Suppose we have a bunch of data points in $$\mathbf{y}$$. We create a design matrix, $$X$$ which consists of the pattern that we want to match. The first column will be all $$1$$'s because that's the constant term. The second column will be the numbers $$1$$ through $$N$$ for the linear term. If we wanted a quadratic term, we could include an $$x^2$$ sequence as a third column or for a cubic term a $$x^3$$ sequence as a fourth column.

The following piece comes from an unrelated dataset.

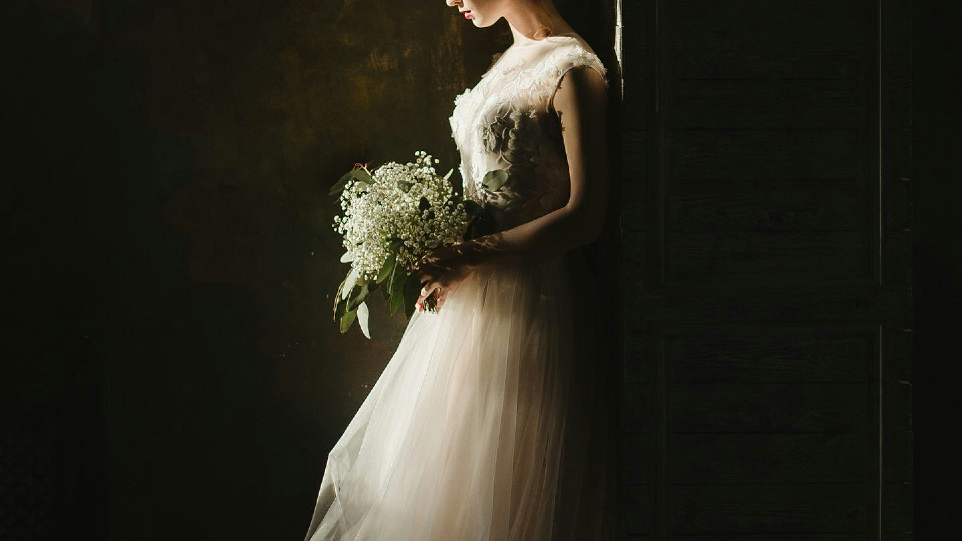 This wallpaper features a stunning woman in a breathtaking white wedding gown. She holds a beautiful bouquet of flowers, adding to the elegance of the scene. The image is perfect for those who appreciate bridal themes, marriage, and ceremony imagery.

$X = \begin{bmatrix}1 & 1 \\ 1 & 2 \\ 1 & 3 \\ \vdots & \vdots \\ 1 & N \end{bmatrix}$

To determine the trendline, we need to solve the equation,

$X \mathbf{b} = \mathbf{y} \,.$

Assuming $$X$$ is non-invertible,

\begin{aligned} X^\top X \mathbf{b} &= X^\top \mathbf{y} \\ (X^\top X)^{-1} (X^\top X) \mathbf{b} &= (X^\top X)^{-1} X^\top \mathbf{y} \\ \mathbb{1}\cdot\mathbf{b} &= (X^\top X)^{-1} X^\top \mathbf{y} \\ \mathbf{b} &= (X^\top X)^{-1} X^\top \mathbf{y} \\ \end{aligned}
using Plots

y = [10.0, 7.0, 4.0, 3.0, 3.0, 4.0, 2.0, 1.0, 2.0, 0.0]
X = [ ones(10) 1:10 ]

b = inv(X'*X)*X'*y

scatter(y)
plot!(X * b, lw=3)